======== Listed records ========

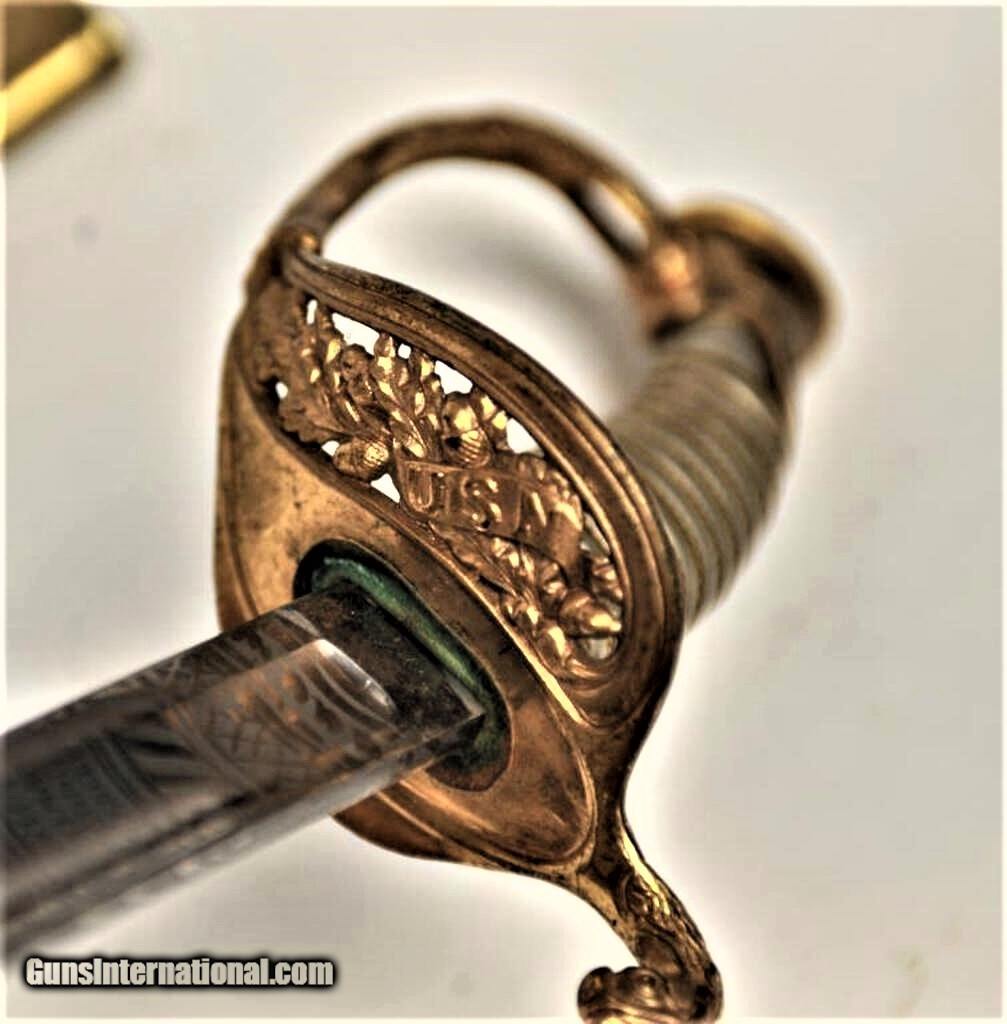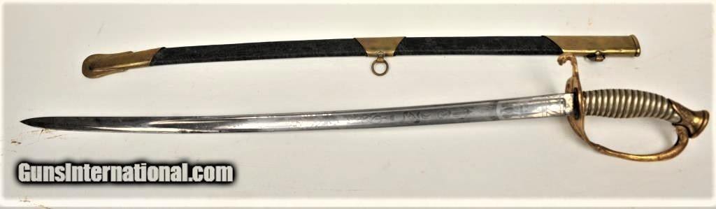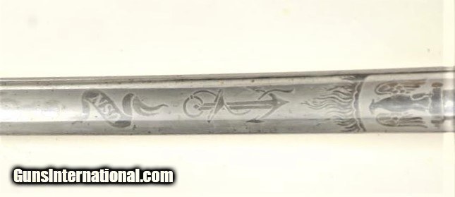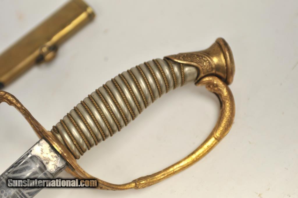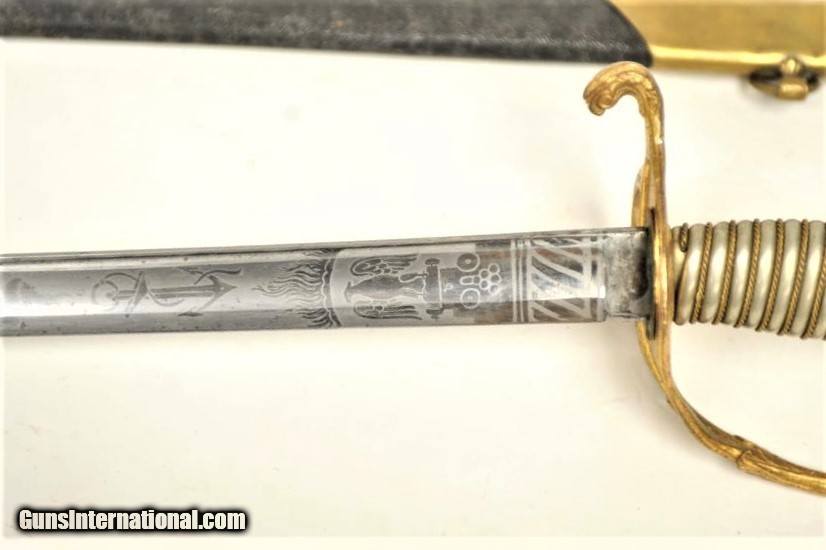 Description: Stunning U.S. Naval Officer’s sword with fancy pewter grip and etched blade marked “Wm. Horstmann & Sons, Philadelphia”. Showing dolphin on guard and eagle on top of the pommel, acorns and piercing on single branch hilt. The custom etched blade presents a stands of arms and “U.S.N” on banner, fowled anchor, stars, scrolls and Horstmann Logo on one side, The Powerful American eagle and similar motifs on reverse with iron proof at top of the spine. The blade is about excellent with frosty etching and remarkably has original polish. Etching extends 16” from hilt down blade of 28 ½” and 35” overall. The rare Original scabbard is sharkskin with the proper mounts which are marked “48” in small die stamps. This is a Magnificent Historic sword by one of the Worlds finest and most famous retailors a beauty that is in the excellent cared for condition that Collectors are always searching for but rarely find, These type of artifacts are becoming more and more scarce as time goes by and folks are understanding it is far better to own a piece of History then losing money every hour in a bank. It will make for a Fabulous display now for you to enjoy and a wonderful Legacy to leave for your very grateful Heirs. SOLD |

========
======== Listed records ========

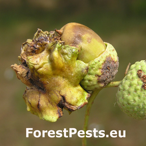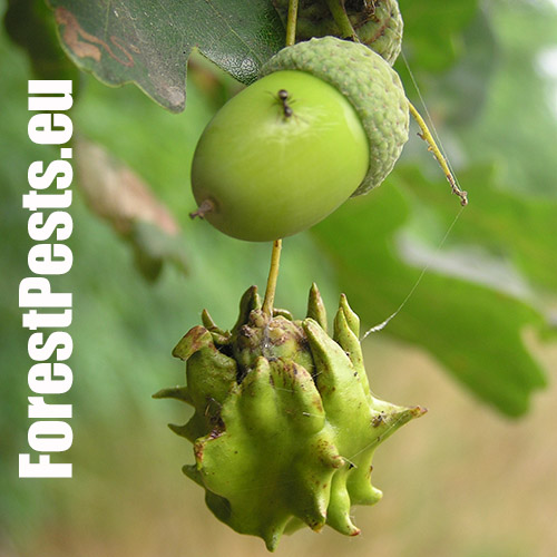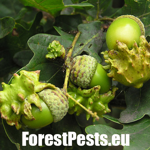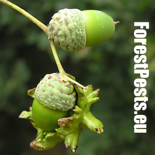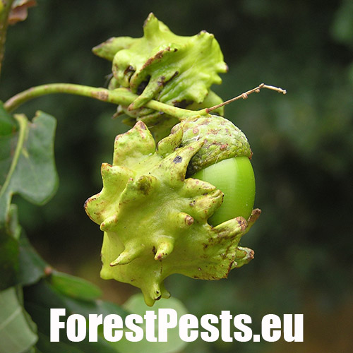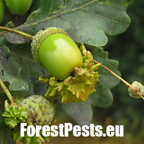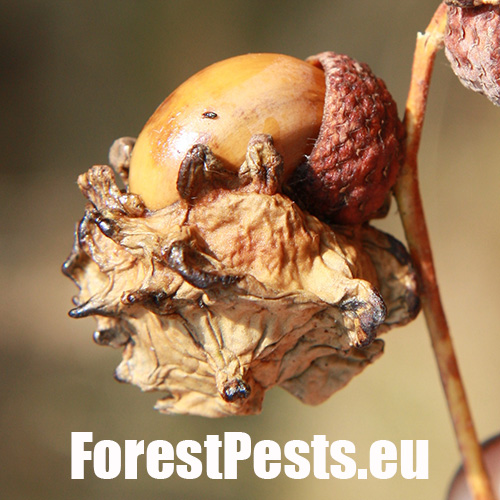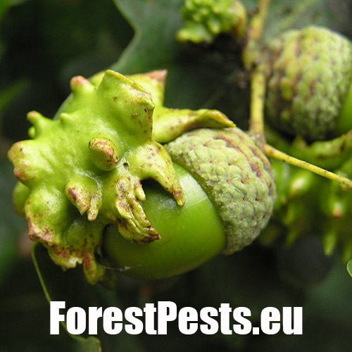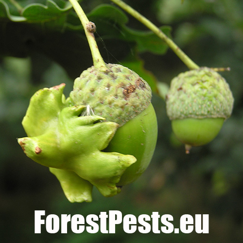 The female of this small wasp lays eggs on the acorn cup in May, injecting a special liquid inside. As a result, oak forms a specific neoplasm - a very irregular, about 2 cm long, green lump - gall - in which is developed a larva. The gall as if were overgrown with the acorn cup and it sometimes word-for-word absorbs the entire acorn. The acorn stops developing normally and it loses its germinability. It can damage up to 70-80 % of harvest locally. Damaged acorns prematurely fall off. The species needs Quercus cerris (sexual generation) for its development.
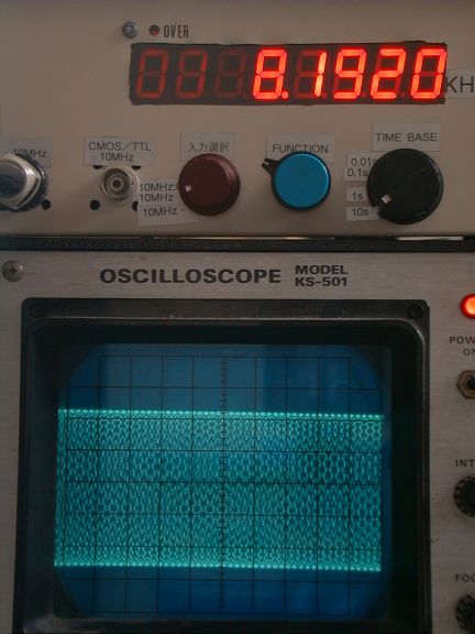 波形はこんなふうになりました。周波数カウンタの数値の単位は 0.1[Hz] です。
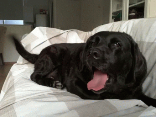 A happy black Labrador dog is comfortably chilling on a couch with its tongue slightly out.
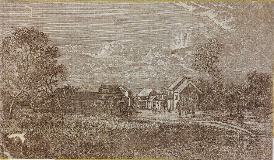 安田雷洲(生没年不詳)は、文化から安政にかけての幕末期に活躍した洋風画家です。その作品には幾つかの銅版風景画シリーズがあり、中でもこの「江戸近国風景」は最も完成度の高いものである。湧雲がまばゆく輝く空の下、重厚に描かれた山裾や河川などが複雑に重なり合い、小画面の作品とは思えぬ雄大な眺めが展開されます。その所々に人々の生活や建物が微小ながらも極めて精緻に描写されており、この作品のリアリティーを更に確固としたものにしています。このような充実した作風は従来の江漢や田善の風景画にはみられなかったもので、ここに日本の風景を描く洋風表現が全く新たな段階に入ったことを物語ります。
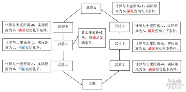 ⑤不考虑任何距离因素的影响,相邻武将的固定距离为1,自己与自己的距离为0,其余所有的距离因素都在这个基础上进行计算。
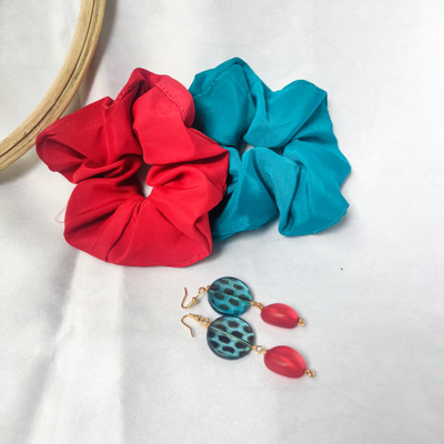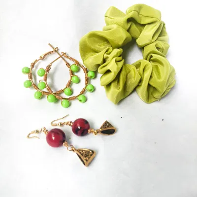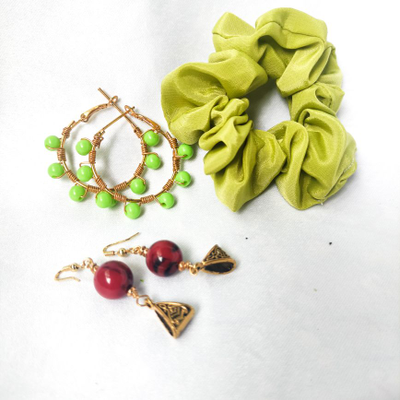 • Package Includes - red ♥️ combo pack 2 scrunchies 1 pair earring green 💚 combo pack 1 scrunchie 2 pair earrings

========

**About this exercise:**
Using the records above, repeat exactly the run of lines that starts with the line with "A happy black" and goes on through the line with "⑤不考虑任何距离因素的影响,相邻武将的固"; omit each picture.

**Written reply:**
 A happy black Labrador dog is comfortably chilling on a couch with its tongue slightly out.
 安田雷洲(生没年不詳)は、文化から安政にかけての幕末期に活躍した洋風画家です。その作品には幾つかの銅版風景画シリーズがあり、中でもこの「江戸近国風景」は最も完成度の高いものである。湧雲がまばゆく輝く空の下、重厚に描かれた山裾や河川などが複雑に重なり合い、小画面の作品とは思えぬ雄大な眺めが展開されます。その所々に人々の生活や建物が微小ながらも極めて精緻に描写されており、この作品のリアリティーを更に確固としたものにしています。このような充実した作風は従来の江漢や田善の風景画にはみられなかったもので、ここに日本の風景を描く洋風表現が全く新たな段階に入ったことを物語ります。
 ⑤不考虑任何距离因素的影响,相邻武将的固定距离为1,自己与自己的距离为0,其余所有的距离因素都在这个基础上进行计算。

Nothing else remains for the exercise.